'''

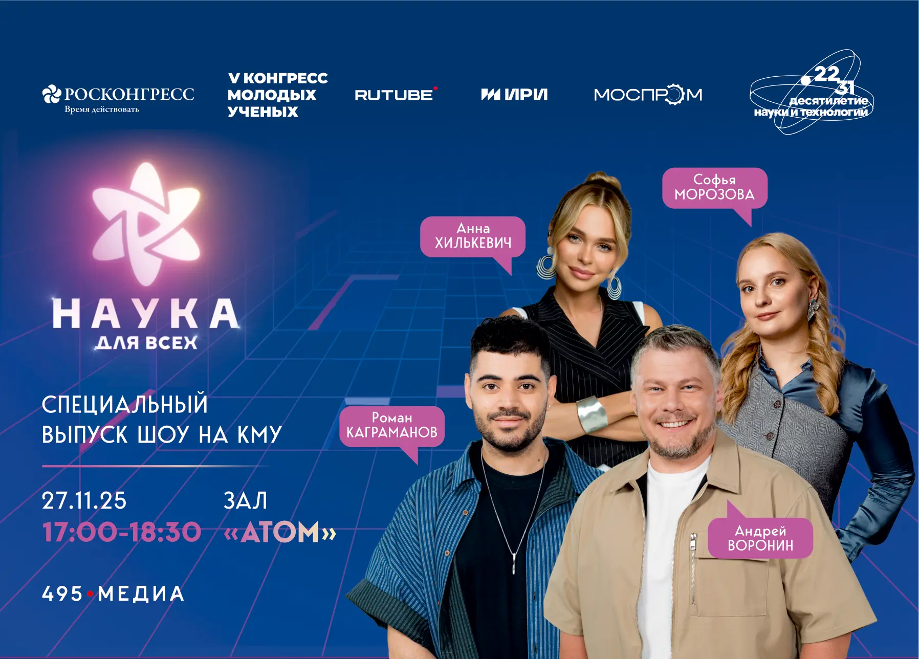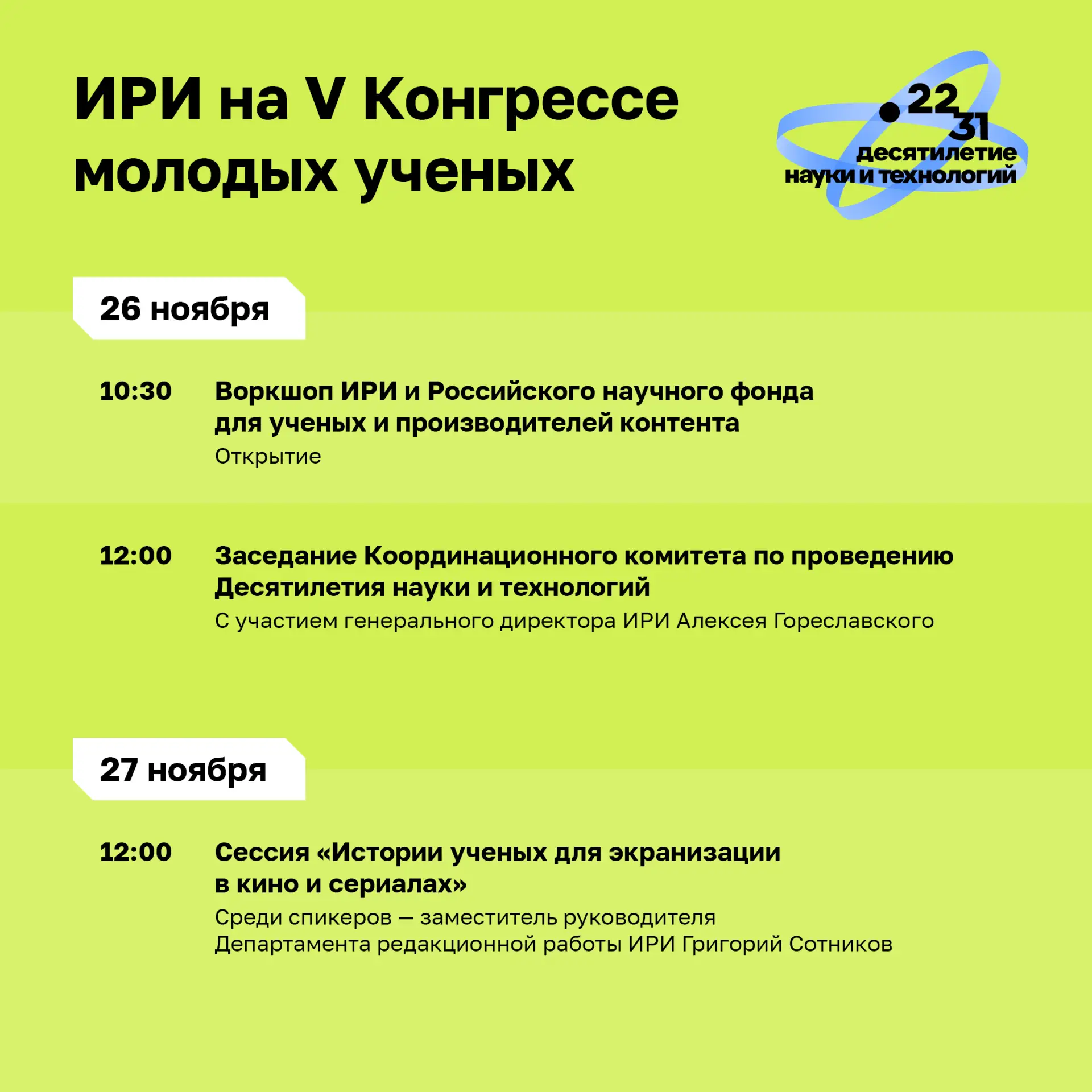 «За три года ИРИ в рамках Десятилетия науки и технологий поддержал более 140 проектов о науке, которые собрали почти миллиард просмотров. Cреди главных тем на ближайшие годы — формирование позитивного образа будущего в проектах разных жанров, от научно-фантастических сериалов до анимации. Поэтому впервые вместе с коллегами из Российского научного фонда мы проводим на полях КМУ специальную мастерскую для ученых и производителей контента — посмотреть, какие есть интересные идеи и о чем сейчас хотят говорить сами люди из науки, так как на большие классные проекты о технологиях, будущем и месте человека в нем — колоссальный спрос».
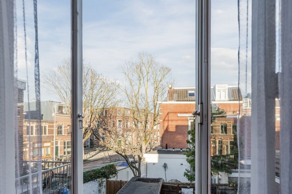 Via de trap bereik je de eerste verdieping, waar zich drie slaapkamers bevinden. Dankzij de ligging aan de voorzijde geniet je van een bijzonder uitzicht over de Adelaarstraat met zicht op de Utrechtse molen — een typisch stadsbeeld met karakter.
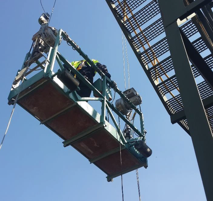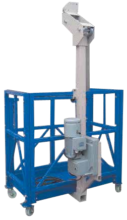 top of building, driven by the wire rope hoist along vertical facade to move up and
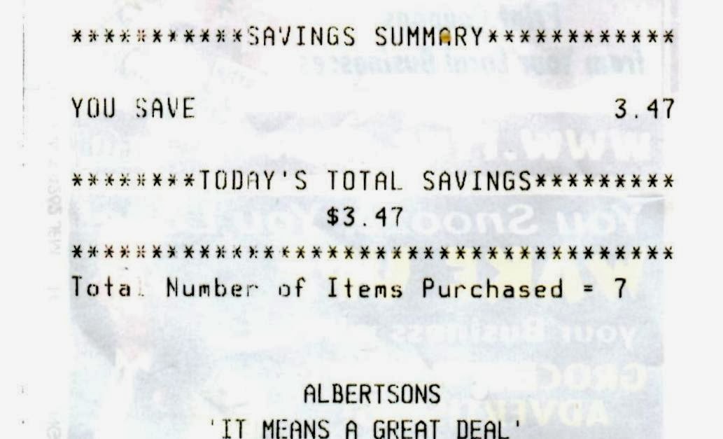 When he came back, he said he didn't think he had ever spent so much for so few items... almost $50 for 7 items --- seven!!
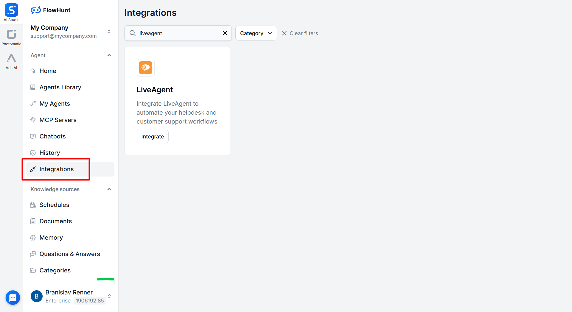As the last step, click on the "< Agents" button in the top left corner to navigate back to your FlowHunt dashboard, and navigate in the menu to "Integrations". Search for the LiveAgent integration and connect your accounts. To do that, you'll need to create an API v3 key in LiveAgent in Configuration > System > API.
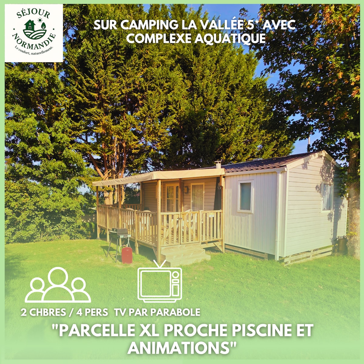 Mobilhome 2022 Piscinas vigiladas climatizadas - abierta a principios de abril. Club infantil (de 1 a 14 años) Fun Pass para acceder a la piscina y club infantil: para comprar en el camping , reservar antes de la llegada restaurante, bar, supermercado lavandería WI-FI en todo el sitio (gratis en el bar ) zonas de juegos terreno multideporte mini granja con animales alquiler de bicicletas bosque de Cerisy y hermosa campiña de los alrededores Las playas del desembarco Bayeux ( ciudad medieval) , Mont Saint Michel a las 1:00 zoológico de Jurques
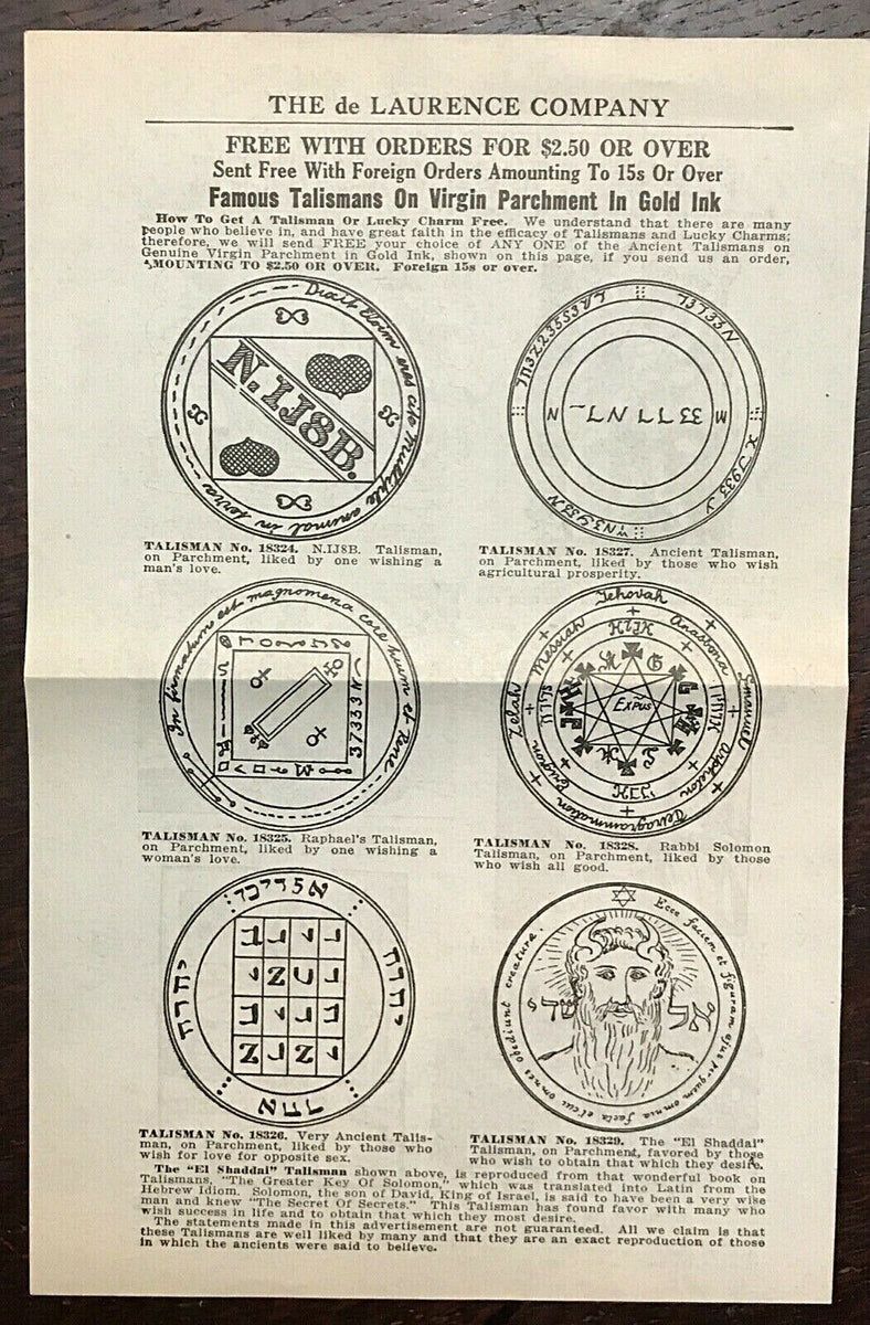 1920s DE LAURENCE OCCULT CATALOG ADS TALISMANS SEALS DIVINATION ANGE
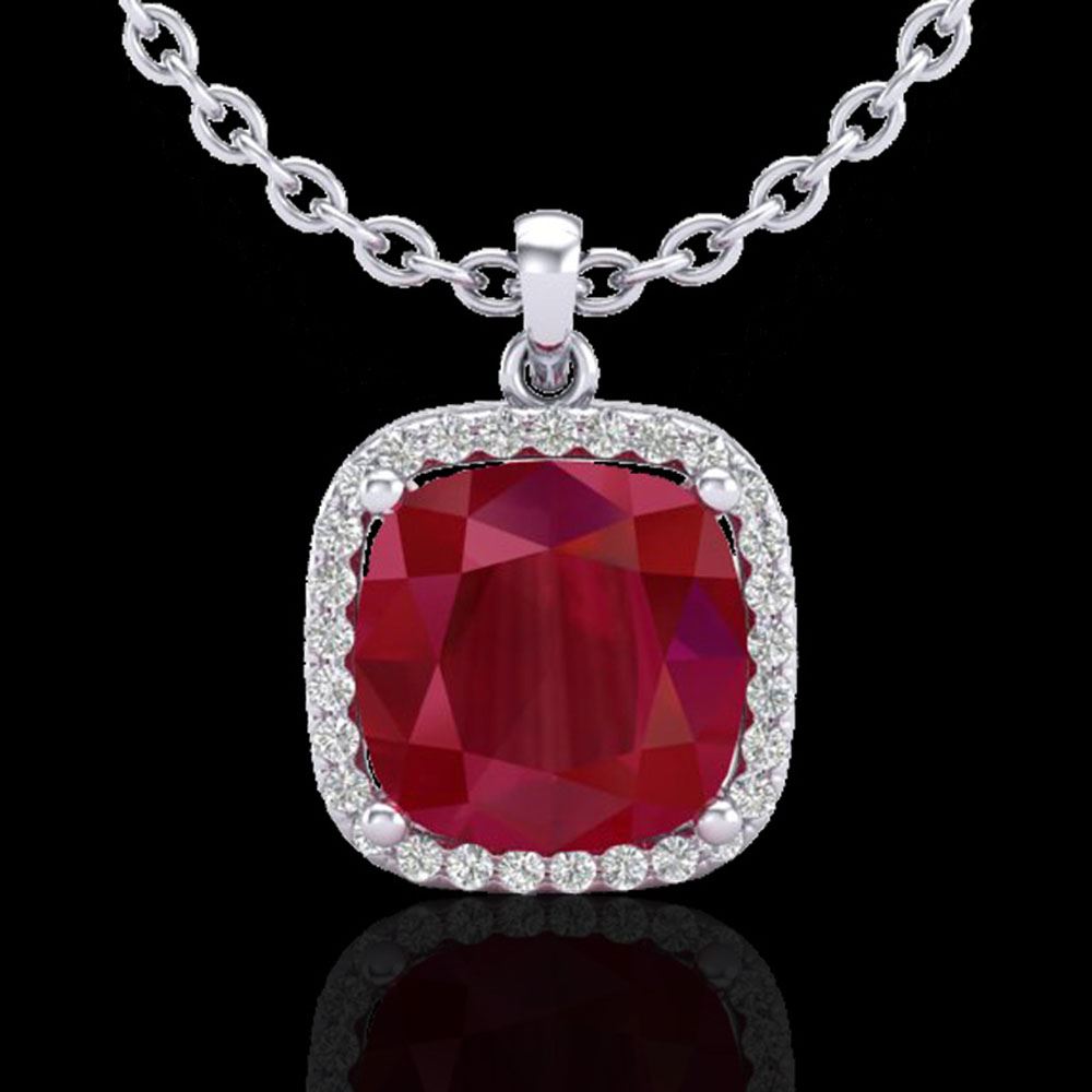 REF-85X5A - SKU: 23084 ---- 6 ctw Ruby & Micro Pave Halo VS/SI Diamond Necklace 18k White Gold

'''

## PROBLEM TO SOLVE
The expected output is every line of the data, unchanged, with the pictures skipped.

## RESULT
 «За три года ИРИ в рамках Десятилетия науки и технологий поддержал более 140 проектов о науке, которые собрали почти миллиард просмотров. Cреди главных тем на ближайшие годы — формирование позитивного образа будущего в проектах разных жанров, от научно-фантастических сериалов до анимации. Поэтому впервые вместе с коллегами из Российского научного фонда мы проводим на полях КМУ специальную мастерскую для ученых и производителей контента — посмотреть, какие есть интересные идеи и о чем сейчас хотят говорить сами люди из науки, так как на большие классные проекты о технологиях, будущем и месте человека в нем — колоссальный спрос».
 Via de trap bereik je de eerste verdieping, waar zich drie slaapkamers bevinden. Dankzij de ligging aan de voorzijde geniet je van een bijzonder uitzicht over de Adelaarstraat met zicht op de Utrechtse molen — een typisch stadsbeeld met karakter.
 top of building, driven by the wire rope hoist along vertical facade to move up and
 When he came back, he said he didn't think he had ever spent so much for so few items... almost $50 for 7 items --- seven!!
As the last step, click on the "< Agents" button in the top left corner to navigate back to your FlowHunt dashboard, and navigate in the menu to "Integrations". Search for the LiveAgent integration and connect your accounts. To do that, you'll need to create an API v3 key in LiveAgent in Configuration > System > API.
 Mobilhome 2022 Piscinas vigiladas climatizadas - abierta a principios de abril. Club infantil (de 1 a 14 años) Fun Pass para acceder a la piscina y club infantil: para comprar en el camping , reservar antes de la llegada restaurante, bar, supermercado lavandería WI-FI en todo el sitio (gratis en el bar ) zonas de juegos terreno multideporte mini granja con animales alquiler de bicicletas bosque de Cerisy y hermosa campiña de los alrededores Las playas del desembarco Bayeux ( ciudad medieval) , Mont Saint Michel a las 1:00 zoológico de Jurques
 1920s DE LAURENCE OCCULT CATALOG ADS TALISMANS SEALS DIVINATION ANGE
 REF-85X5A - SKU: 23084 ---- 6 ctw Ruby & Micro Pave Halo VS/SI Diamond Necklace 18k White Gold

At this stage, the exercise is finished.